[We at DWWP love to use writing prompts at our meetings. This story is based on the prompt “the monsters among us.”]
At night, he searched for his food. He emerged from the cave where he slept during the daylight hours, a dank cavern that just fit his massive body. After crawling out, he stretched his long limbs, each gnarled with muscle and as thick as the trunks of the nearby redwoods. He then would let out a massive roar that shook the branches for miles. Animals would be sent scurrying into their burrows or nests, their little heartbeats racing like the patter of rain. Thanks to his heightened senses, he could smell the release of their adrenal glands borne on the breeze, heightening the hunger that already rumbled in his hair-covered abdomen. It was time to feast.
The nearby meadow was his favorite place to hunt. A small doe or a fawn served nicely as an appetizer. A lost hiker or boy scout, however, was his favorite meal of choice. He sucked on their bones until every string of flesh was gone, then tossed them into the quarry behind his cave. Sometimes he saved a metatarsal to use as a toothpick.
Once, he saw a human walking through the woods, holding a black box over its face and pointing it at things. He thought that this must be some sort of weapon, but the box seemed to do nothing but make a click noise. The human would then pull the box away from its face and stare it for a moment, before continuing to walk and make it click at more objects like trees, or the sky. He lunged through the woods towards the human, roaring. He could run so fast that his feet barely touched the mossy forest floor. He could smell the urine that the human released into its clothing. He caught up with the human in three easy strides, picked it up by one leg, then held onto its other leg and pulled it apart like a wishbone.
After that night, two more humans came to his forest. They arrived in a big box on wheels that had flashing lights on the top: bright red and blue lights that confused him. He didn’t understand how they took the light from the stars and the sun and changed their colors and captured it and put it on top of their wheeled boxes. He didn’t charge at them; instead he slipped back into the shadow to watch, to try and understand. After a day of wandering around his woods, making more clicks with more small boxes, the humans went away in their wheeled big box. By then he was starving and ate 3 deer, a wolverine, and a coyote in one night.
He thought of those memories when, one night, he came upon a large circle of humans. He had spotted their fire from a 100 yards away, then slowly stalked through the shadows to the perimeter. Despite his size, he was good at hiding. The thick black fur covering his body helped him blend into the night. The humans sat on logs around their fire, talking and laughing. One sat with an oddly-shaped piece of wood on its lap, and it plucked strings threaded across it. The strings made noise, and the human manipulated the sound of its voice to go along with the sound of the strings. He did not understand this behavior. The confusion gave him pause. Why would a human do this? Weren’t all living things meant to do only two things: to kill and to eat?

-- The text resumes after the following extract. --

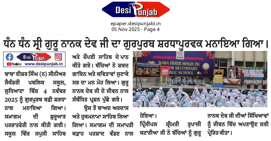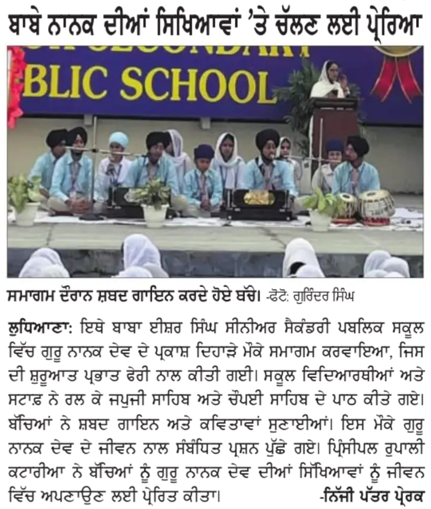 Baba Isher Singh (Nanaksar) Senior Secondary Public School, B.R.S. Nagar, Ludhiana was established in 1987 to commemorate the memory of His Holiness Saint Baba Isher Singh Ji, under the guidance and active participation of His Holiness Baba Kundan Singh Ji at Nanaksar.
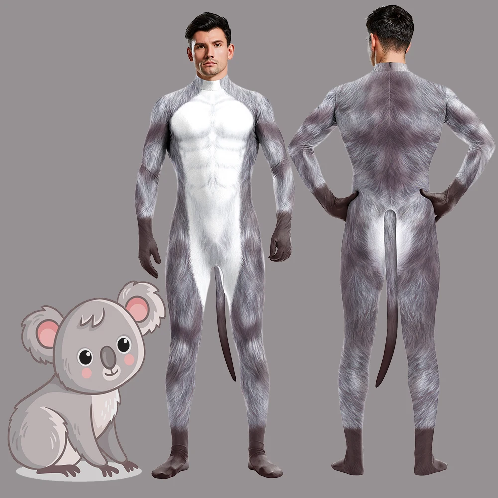 Koala Zentai mit Schwanz Tier Cosplay Kostüm Mann Karneval Party Overall 3D Druck Pelzigen Must...

Staring now at this group of humans by the fire, he considered what to do. He wanted to see the box more closely. He wanted to understand why it made the sounds that it did. He didn’t want to scare them away. So he walked out of the shadows slowly. When he didn’t run, his footballs made more noise. He crushed full bushes with his feet, their twigs snapping like small necks. He was almost at the campfire when he heard a loud, sharp crack. All of the humans were staring at him. One pointed a strange black shape at him, its arm outstretched. He could smell a strange, foreign scent wafting from the object; it smelled like iron and fire. This was when he noticed the warmth in his chest. He looked down to see blood seeping from a hole that had been somehow made. The humans around the fire stared at him, their faces mirroring his horror. He fell to the forest floor like a redwood being sawed down.
Absolutely wonderful piece of work. Blown!